[pipes] databricks unstructured log forwarding #16674

smackesey · 2023-09-20T23:49:34Z

Summary & Motivation

This adds stdout/stderr forwarding to the dagster-databricks pipes integration. It was a long road getting here with several dead ends.

The current approach in this PR is to modify PipesBlobStoreMessageReader with forward_{stdout,stderr} boolean params and corresponding hooks for downloading stdout, stderr chunks. If forward_{stdout,stderr} is enabled, threads will be launched for the streams (alongside the message chunk thread) that periodically download stderr/stdout chunks and write them to the corresponding orchestration process streams.

In the PipesDbfsMessageReader, instead of using an incrementing counter (as is used for messages), the stdout/stderr chunk downloaders are written to track a string index in the file corresponding to the stream. We repeatedly download the full file. Every time the file is downloaded, we only forward starting from the offset index. This approach of repeatedly downloading the full file and applying the offset only on the orchestration end can surely be improved to just download starting from the offset, but I did not implement that yet (there are some concerns around getting the indexing right given that the files are stored as base64, I think with padding).

While it is possible that other integrations would need to make some changes on the pipes end, I didn't need to make any for databricks, because a DBFS location for stdout/stderr is configured when launching the job, so we don't need to do anything in the orchestration process. This introduces a potential asymmetry between the PipesMessageReader and PipesMessageWriter-- probably we will end up with just a PipesReader.

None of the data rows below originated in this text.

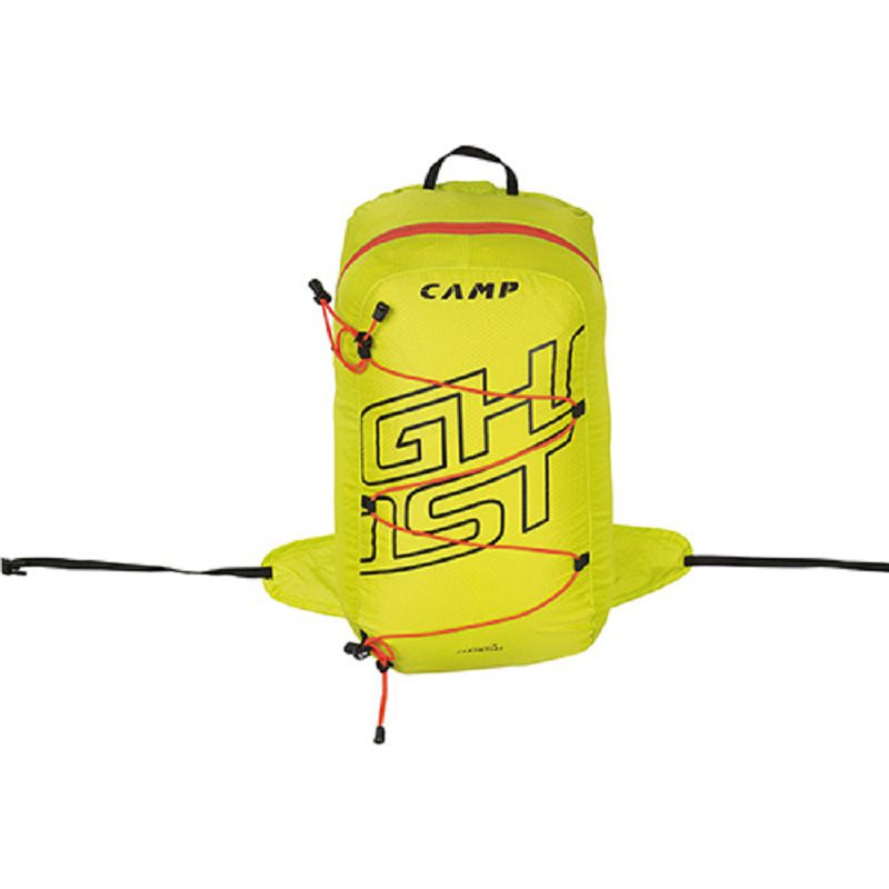 Camp Ghost sekk er en super lett og kompakt sekk for å bære det viktigste på kortere utflukter som dagsturer eller topp jakt. Eksterne elastiske stropper kan brukes til å komprimere sekken og bære lag, og et enkelt elastisk ledningssystem fester sikkert et sett med trekkstenger. Det nye super lette stoffet har en veldig høy strekk styrke og er belagt for ekstra beskyttelse mot fuktighet og slitasje. Når Camp Ghost sekk ikke er i bruk kan den pakkes ned i en lomme som deretter kan bæres rundt livet eller i lokket på en større pakke.
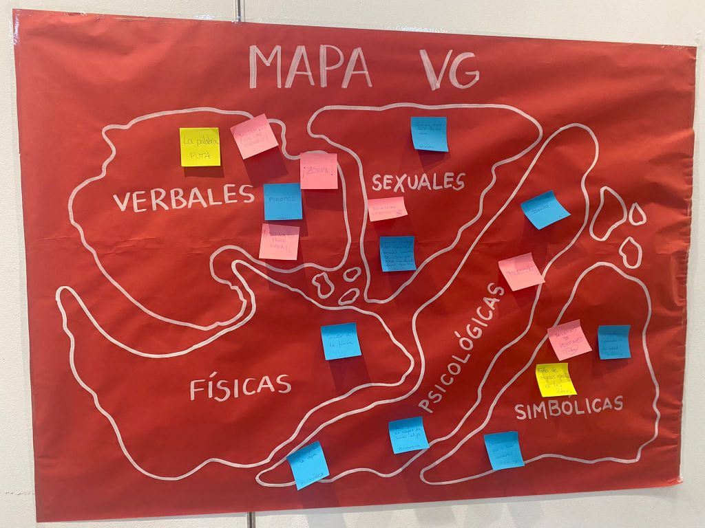 Entre las actividades destacadas, realizamos la dinámica «Rompiendo Estereotipos«, donde abordamos y desafiamos los estereotipos de género comunes en entornos educativos. Además, trabajamos en el «Mapa de la Violencia de Género en las Aulas«, una actividad que nos permitió identificar y clasificar las diversas formas de violencia de género en el contexto escolar. La idea de estas actividades es fomentar una comprensión profunda y práctica de los temas tratados. No con los asistentes, sino como proyección hacia nuestras aulas.
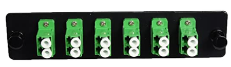 Our LGX Compatible LC Adapter Panel, 6 Ports, Loaded w/6 LC Duplex APC Multimode Adapters, providing connections for 6 LC jumpers. The panel can be used as a pass through or to connect LC assemblies together. Provides a simplified method of routing circuits with an orderly appearance. Designed for Quick Field Termination, which saves time and money. Constructed to fit blank panels and rack mount enclosures. Black powder coated steel construction. Lifetime Warranty. Also available in SC, ST, FC and MPO configurations. 100% Tested and Approved.
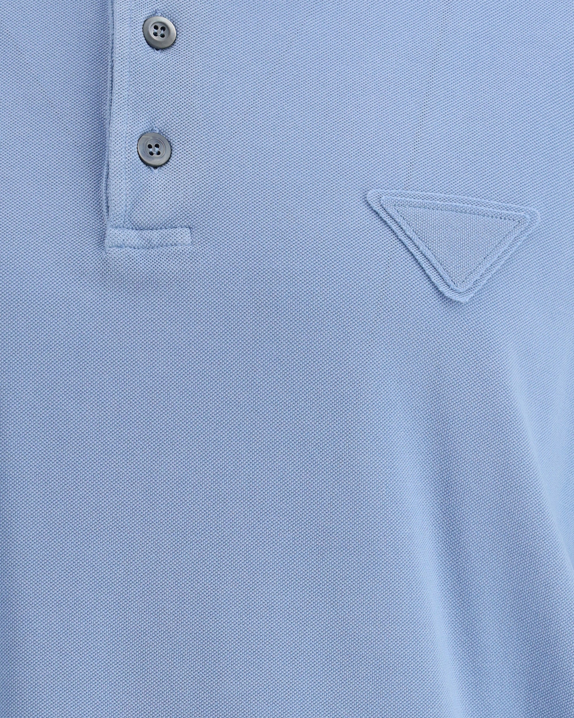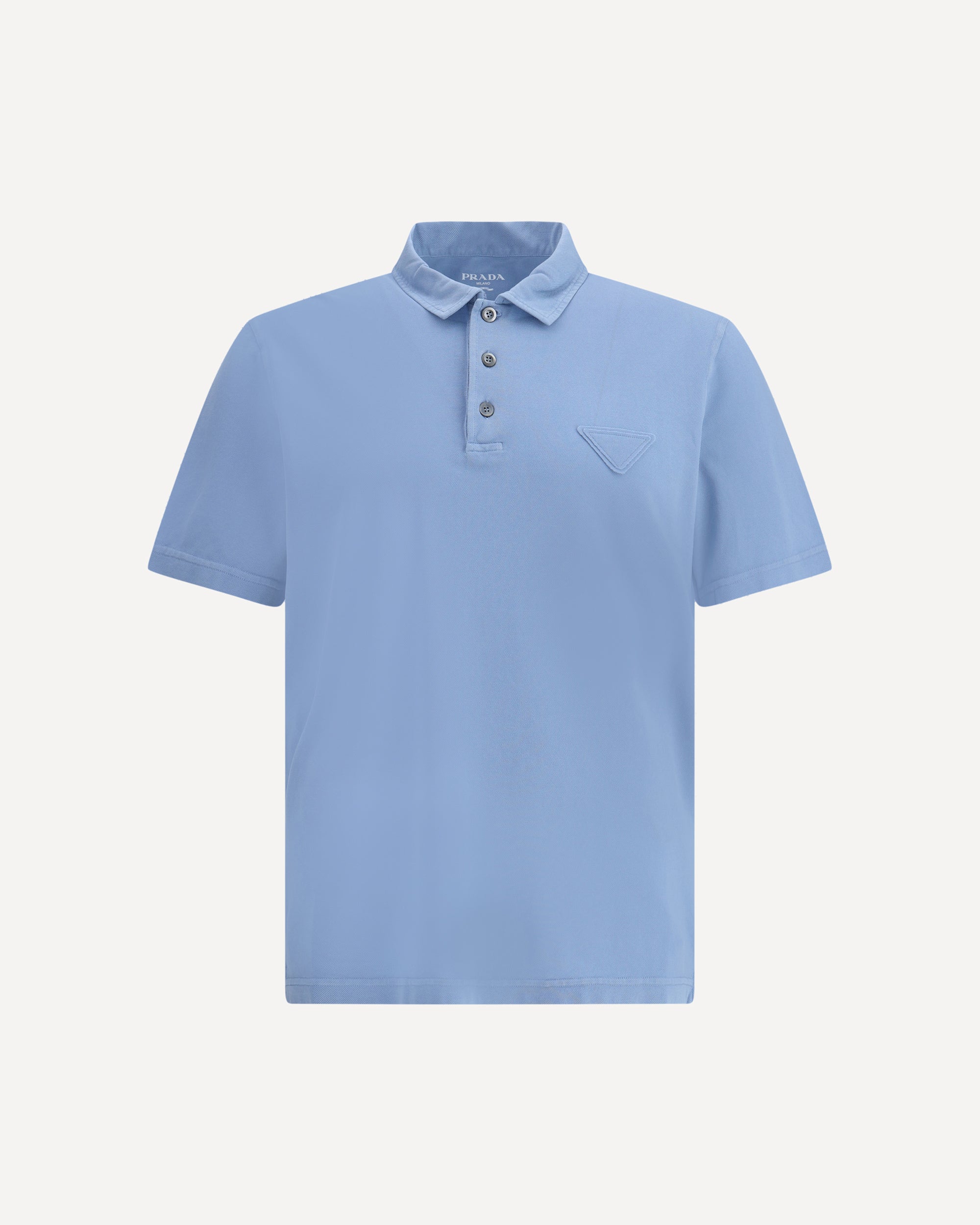 Maglia Polo in cotone di Prada, caratterizzata da un colletto classico e una chiusura frontale con bottoncini. Il design essenziale è arricchito dall’iconica patch triangolare applicata sul fronte, simbolo distintivo del brand. Perfetta per un look elegante e raffinato.

There are definitely some other rough patches here:

Databricks does not let you directly configure the directory where stdout/stderr are written. Instead you set a root directory, and then logs get stored in <root>/<cluster-id>/driver/{stdout,stderr}. This introduces a difficulty because the cluster id does not exist until the job is launched (and you can't set it manually). Because the message reader gets set up before the job is launched, the message reader doesn't know where to look.
- I got around this by setting the log root to a temporary directory and polling that directory for the first child to appear, which will be where the logs are stored. This is not ideal because users may want to retain the logs in DBFS.
- Another approach would be to send the cluster id back in the new opened message, but to then thread this into the message reader requires additional plumbing work.

For those who want to play with this, the workflow is to repeatedly run dagster_databricks_tests/test_pipes.py::test_pipes_client. This requires you to have DATABRICKS_HOST and DATABRICKS_TOKEN set in your env. DATABRICKS_HOST should be https://dbc-07902917-6487.cloud.databricks.com. DATABRICKS_TOKEN should be set to a value you generate by going to User Settings > Developer > Access Tokens in the Databricks UI.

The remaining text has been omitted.